Peter Dorman at Econospeak brings us another reminder about policy decisions on the economy. Reposted from Econospeak:
The Main Point
Macroeconomics is complicated and political economy is devilish, so it is easy to get lost in the details. From time to time, it’s good to come up for air—to remember what the fundamental issue is. In a way, the debate over structural versus cyclical factors invites us to do just that.
Suppose the current recession/depression is mainly structural. Suppose it is due to an immense misallocation of capital and labor, a failure to foresee what our economy would really demand in the years ahead. According to this story, we have trained too many masons and anthropologists and invested in too many building cranes and liberal arts colleges, and it will take years to shift our human and produced resources to more valuable pursuits. (Actually, I think there continues to be an enormous misallocation of investment, but this will become apparent only when the threat of global warming is taken seriously.) If the structuralist story is right, the ongoing slump is necessary and unavoidable and will end only when we have fashioned the resources for producing the right stuff.
If the cyclical story is predominately true, however, we have neither the wrong people nor the wrong capital stock. We have all the ingredients it takes to have a vibrant economy that can fully employ our populations and generate a standard of living that surpasses what we had in the past and that keeps growing further. But think about it: if we have the wherewithal to resume prosperity, what holds us back? And why should rational people accept any excuses for policies that delay it?
Repeat: we have everything we need, right now, to restart our economies. All the unemployment, the hardship, the lost opportunities are unnecessary. That’s the main point.
The secondary point is about the why. There are ultimately two reasons why economies like ours get stuck in a cyclical rut. The first is that there is a reinforcing cycle of insufficient demand and insufficient investment. This is where standard countercyclical policy comes in: through fiscal deficits the government increases demand on its own initiative, and through monetary easing an impetus is added to investment. We are near the limit of what easing can do (diminishing returns to the QE’s), but not anywhere near the limit of fiscal expansion.
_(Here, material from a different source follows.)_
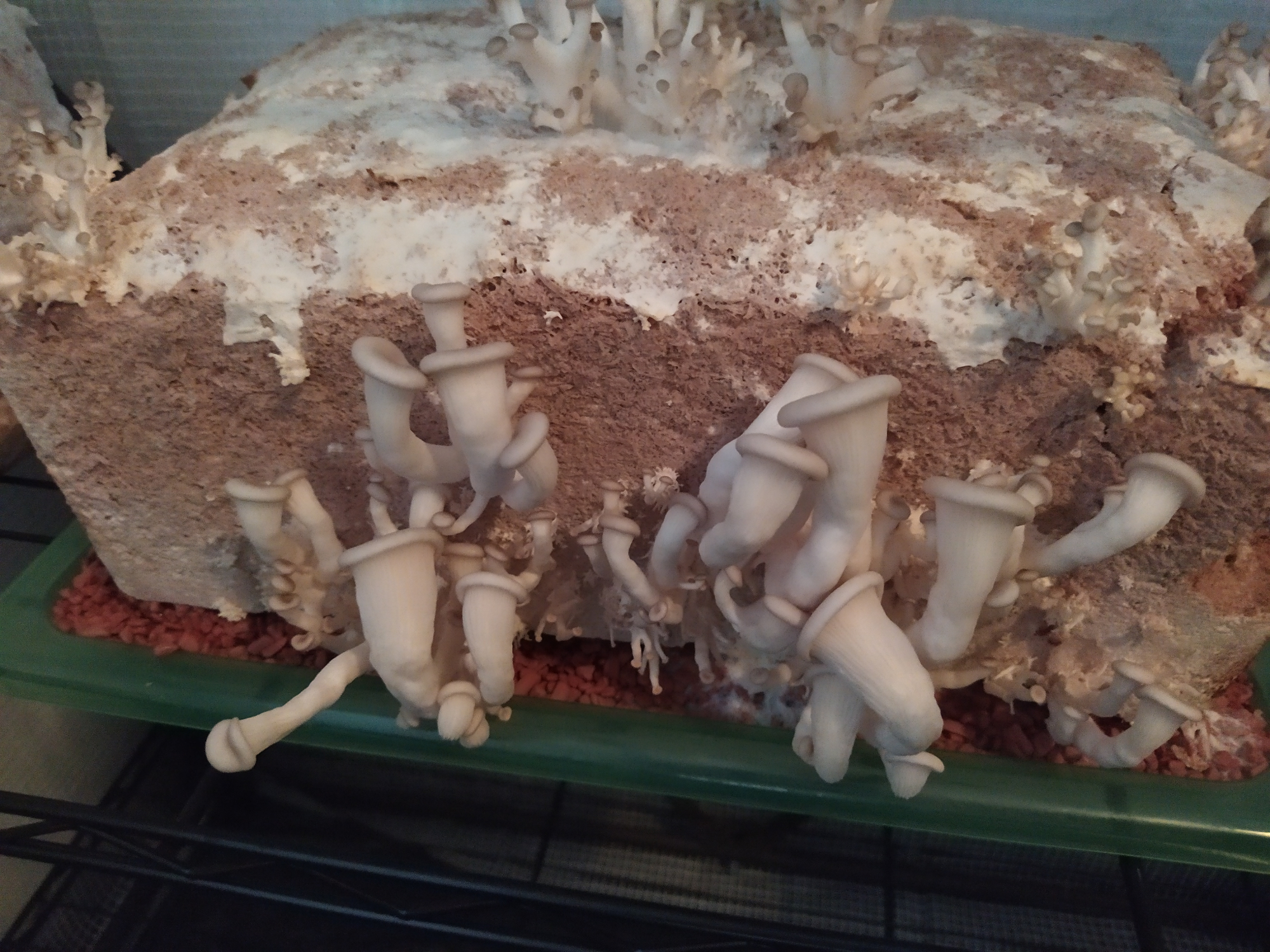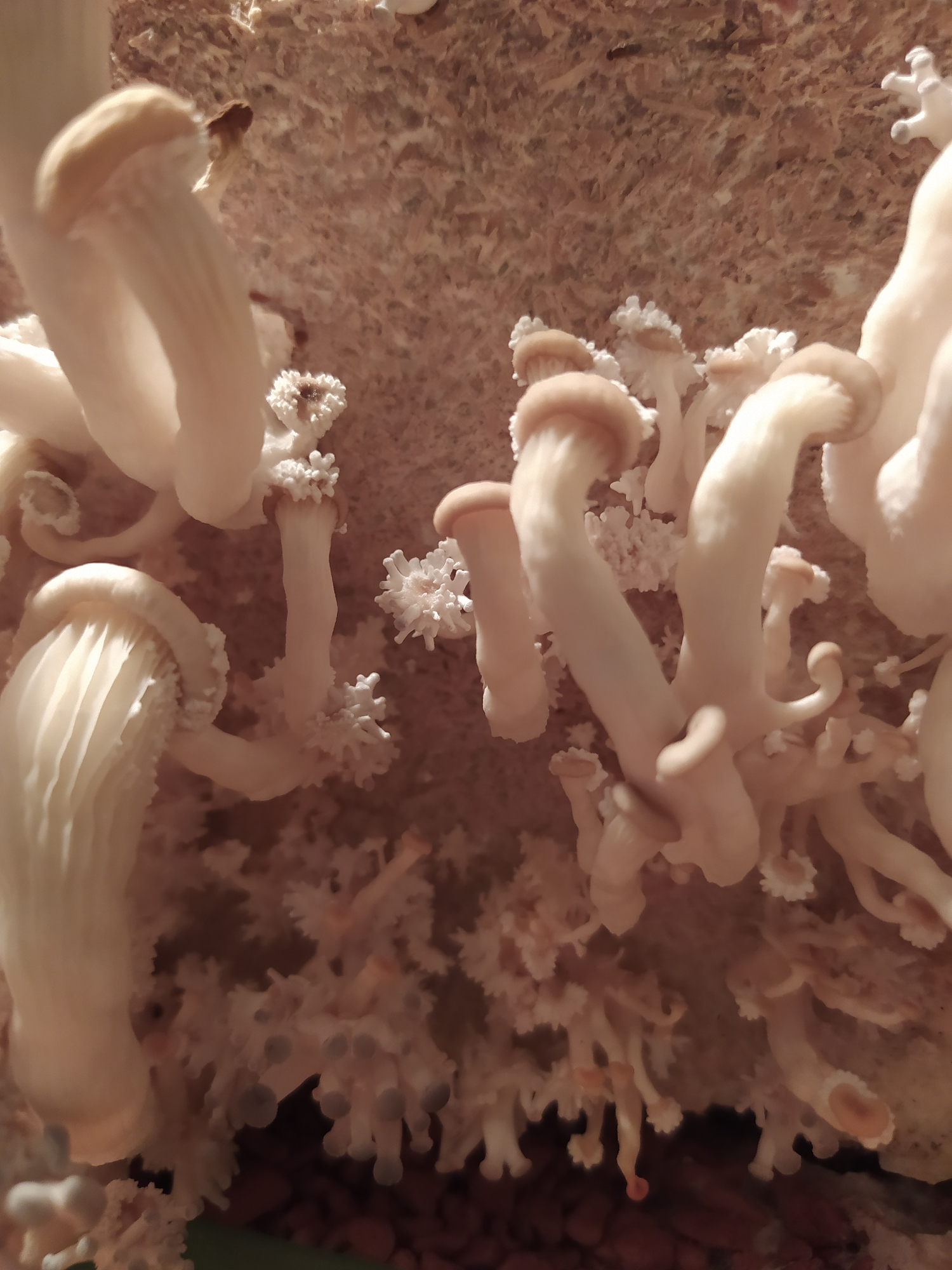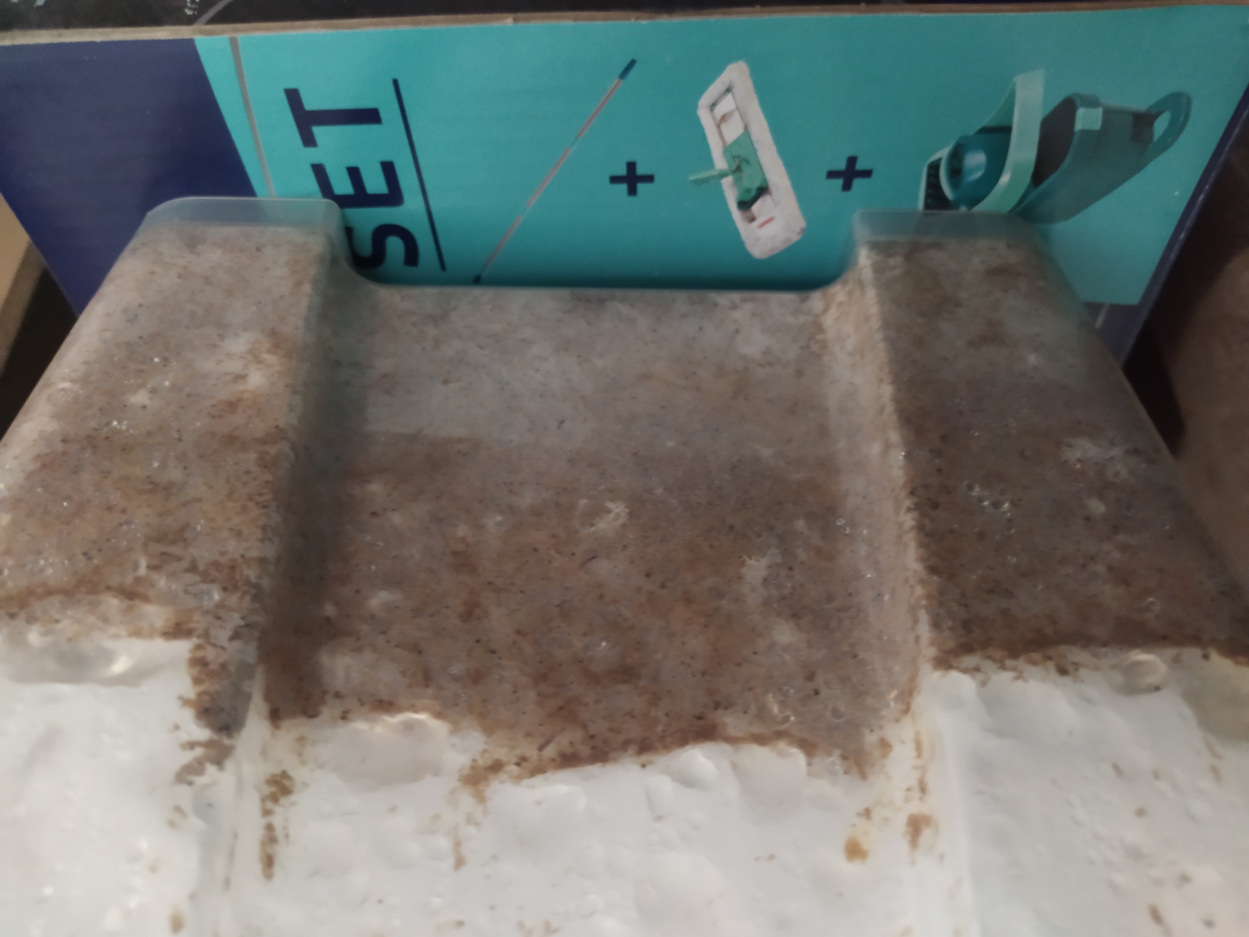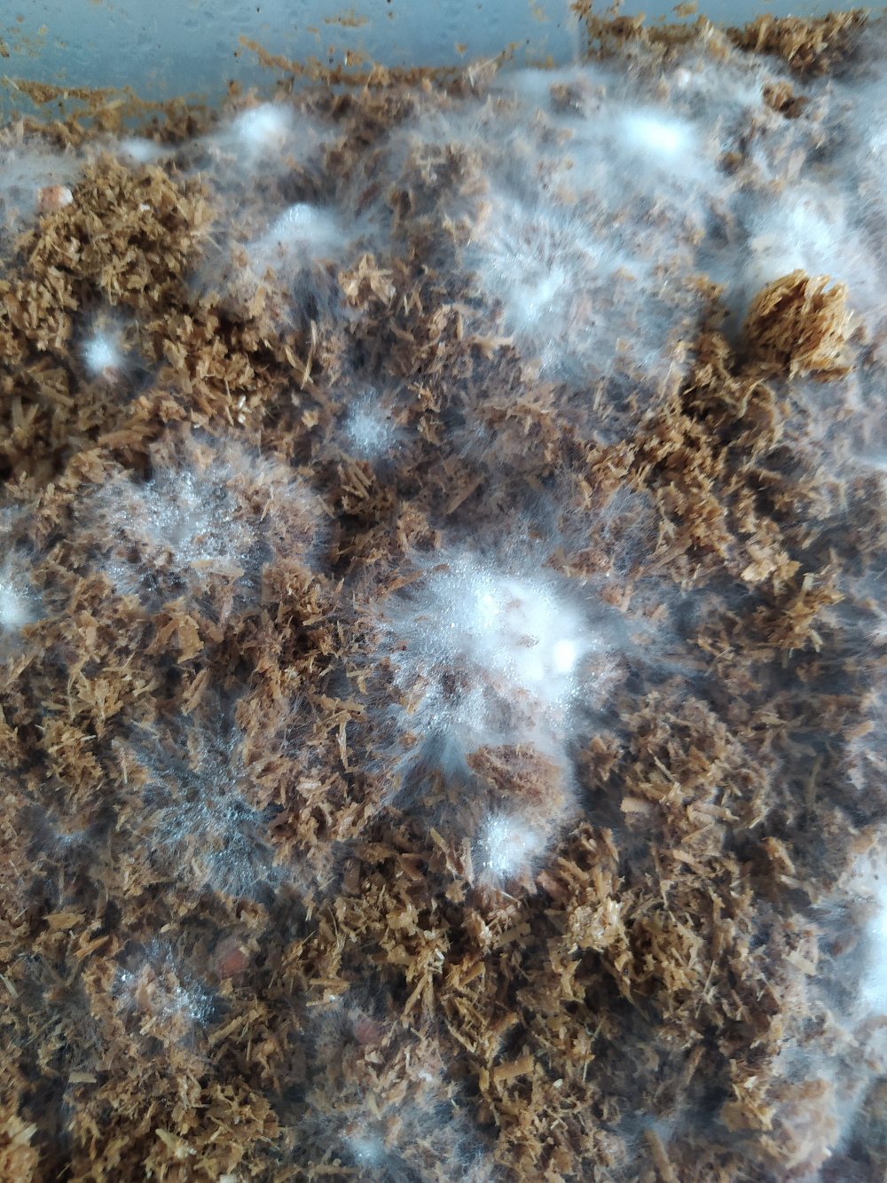 Der Block steht aus: 1000 gr. Pellets, 1100 gr. Wasser, 15 gr. Kalk (von Pilzmännchen). Das Myzel wächst, alles scheint in Ordnung zu sein. Aber ich sehe aufs Myzel solche Miniwassertröpfchen, wie mann auf das Foto auch sehen kann, wenn man es vergrößert.
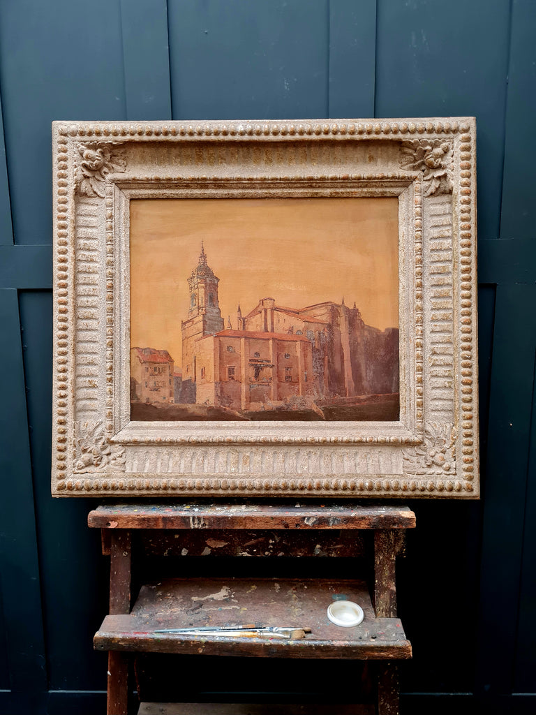 Antique Early 20th Century Framed Oil Painting on Canvas - Sta. María de la Asunción y del Manzano Church, Spain

The second reason arises in balance sheet recessions: too much private borrowing has taken place, debtors find it difficult to sustain debt service, and both debtors and creditors retrench. In this case, which is ours, the essential problem is that fulfillment of claims on wealth—both credit claims and equity claims on debt-related assets—interferes with the conditions required for restarting growth. In other words, the shadow of past wealth creation is depriving new wealth creation of sunlight. While respecting wealth claims is desirable during normal times, since it supports long-term planning, there come episodes in which a choice must be made between the past and the future. This is such a time. Wealth claims need to be trimmed, quickly and sufficiently, in order to reduce leverage and permit economies to return to growth. We shouldn’t forget the main point, which is that economic growth produces the stuff of which real wealth is made, while satisfying the claims inherited from yesterday only allocates this stuff. (And in a slumping economy the claims can’t be honored anyway.)
If you accept the cyclical story, and the evidence certainly weighs in its favor, you should not accept another month, much less year after year, of excuses for austerity.